Bioinformática auxilia na recuperação de genoma de nova bactéria

Projeto Metazoo que estuda microbiomas do zoológico de São Paulo alcança resultados significativos

A bioinformática se aplica a análise e modelização de dados obtidos em pesquisas biológicas / fonte: reprodução

Por Álvaro Logullo Neto – alvarologullo@gmail.com

A pesquisa em genômica, hoje em dia, é responsável por gerar uma enorme quantidade de dados, o que a torna muito dependente de análises computacionais. Nesse contexto, surgiu a bioinformática, um campo de atuação interdisciplinar e recente que tem por objetivo prover ferramentas computacionais que permitam a análise de dados genômicos em larga escala.

Pioneiro na introdução da área no Brasil, o professor João Carlos Setubal coordena o Laboratório de Bioinformática no Departamento de Bioquímica do Instituto de Química da USP. “A maioria dos professores do departamento possui laboratórios para trabalho experimental.

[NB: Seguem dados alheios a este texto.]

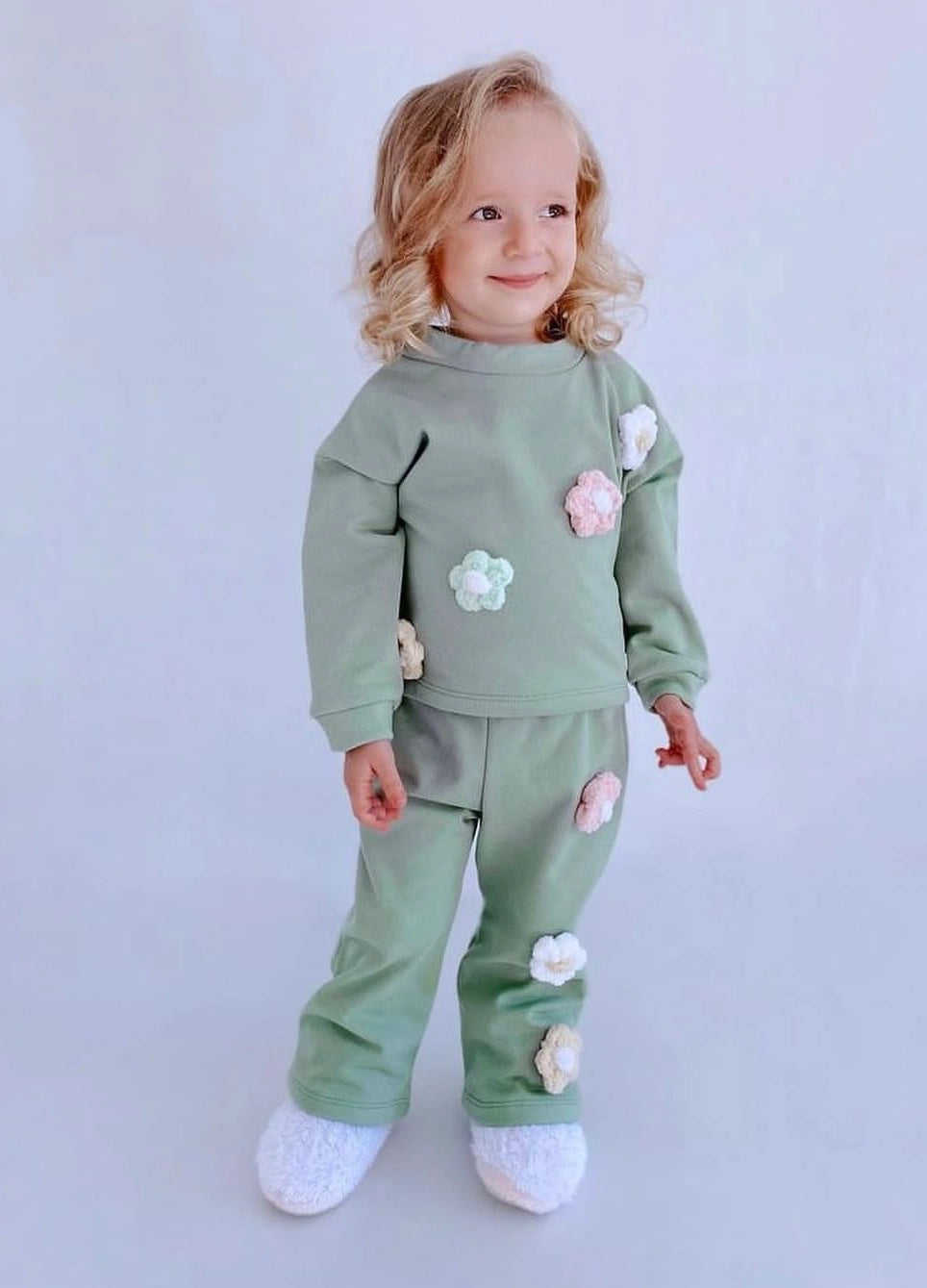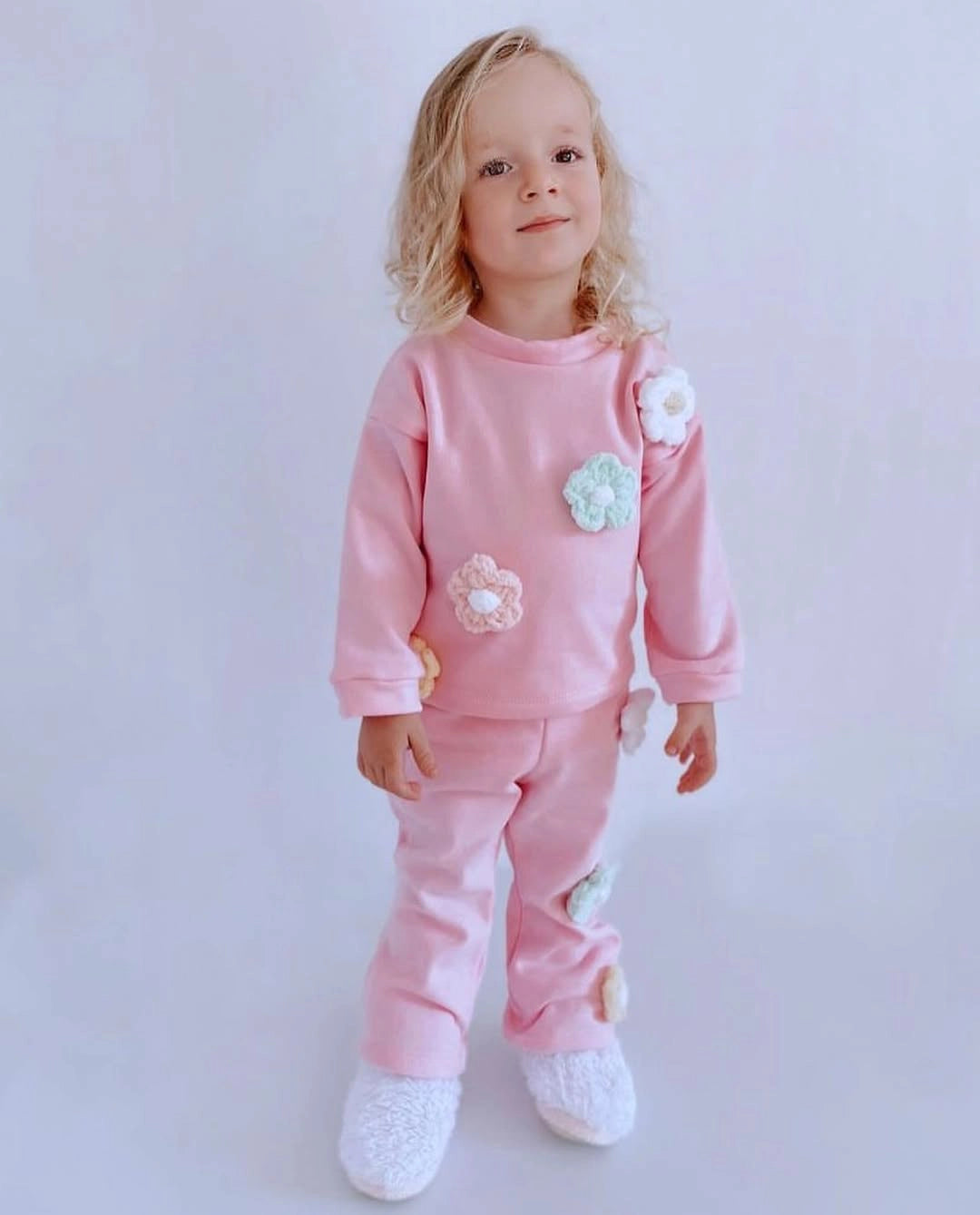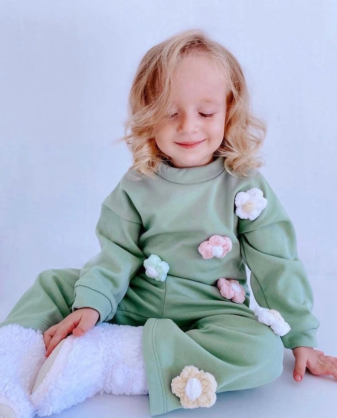 🌼 Designed for little princesses, this set is made from soft, two-thread jersey fabric that is both comfy and absolutely adorable! It’s crafted from 100% cotton. The colorful crochet flowers add a magical touch to the outfit. Each flower is handcrafted with crochet and delicately embroidered by hand. Available in pink and green color options to suit every taste. Made in Turkey. With its relaxed fit, your little one can move freely, whether playing or going about her daily activities. This set ensures your girl stays both comfortable and stylish at all times. 🌸

Eles fazem experimentos bioquímicos e de biologia molecular, ao passo que meu laboratório é totalmente computacional”, conta Setubal. “Mas como dados experimentais são fundamentais na bioinformática, é ótimo para mim o ambiente do departamento, pois facilita minha colaboração como meus colegas que têm laboratórios experimentais”.

Contratado há cinco anos no Instituto e com 24 anos de experiência no campo, João Carlos conta como a área ganhou destaque e impulsão no universo científico: “A bioinformática nasceu em função da máquina sequenciadora de DNA. Antes disso, havia apenas iniciativas pontuais de pesquisadores que desenvolviam programas para análise de sequências de DNA e de proteínas”.

A partir de meados da década de 90, com o início da comercialização de máquinas sequenciadoras de DNA, o nome “bioinformática” foi pela primeira vez utilizado e desde então o campo começou a se desenvolver, explica Setubal: “Desde os anos 90 a área sofreu uma expansão gigante e, hoje em dia, ‘bioinformática’ passou a abranger tópicos bastante variados, muitos dos quais tem pouco ou nada a ver com a genômica”.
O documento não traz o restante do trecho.